Savoir dire Adieu


Quelques mois avant la sortie d'un nouvel album qui serait en 2012 porté aux nues par la critique, une figure de la Variété expliquait à quelques amis que les concerts lui sont devenus une «corvée», que son public est «laid et vieillissant», qu'il lui inspire même «du mépris», concluant qu'«ayant mieux à faire que chanter pour ces cons», elle se demandait s'il lui fallait encore prendre la route, cette «longue route» dont parlait Barbara dans Ma plus belle histoire d'amour.

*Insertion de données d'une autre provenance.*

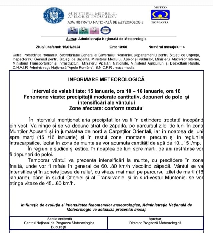 ”ANM a emis o atenționare de depunere a poleiului pentru perioada 15-16.01.2024, în special în timpul nopții.

Confidence ou provocation? Des propos iconoclastes qui donnent à l'artiste une épaisseur inattendue. Ricet Barrier et Jean-Claude Darnal (que Boris Vian adorait, mais l'on s'égare) racontaient en rigolant combien Jacques Brel, avec lequel ils partageait l'affiche à la fin des années 50, pouvait être rosse envers son public.  «Qu'est-ce qu'ils sont cons ce soir!», leur soufflait-il parfois, exténué, en sortant de scène, ne répondant jamais aux rappels. «Demande-t-on à deux boxeurs qui s'en sont mis plein la gueule pendant quinze rounds d'en faire un petit seizième pour contenter les spectateurs?» Mais l'homme qui créa Amsterdam, Mathilde, Les Bourgeois, La Chanson des Vieux amants, Le Plat pays, La Fanette, Ces gens-là, Quand on n'a que l'amour et Ne me quitte pas, parmi tant d'autres uppercuts, eut l'honnêteté de quitter le ring à 36 ans. Définitivement. Quel âge accuse cette vedette de la chanson contemporaine? Elle est déjà plus vieille que Jacques Brel lorsqu'il fit ses adieux à l'Olympia fin 1966. Ça calme.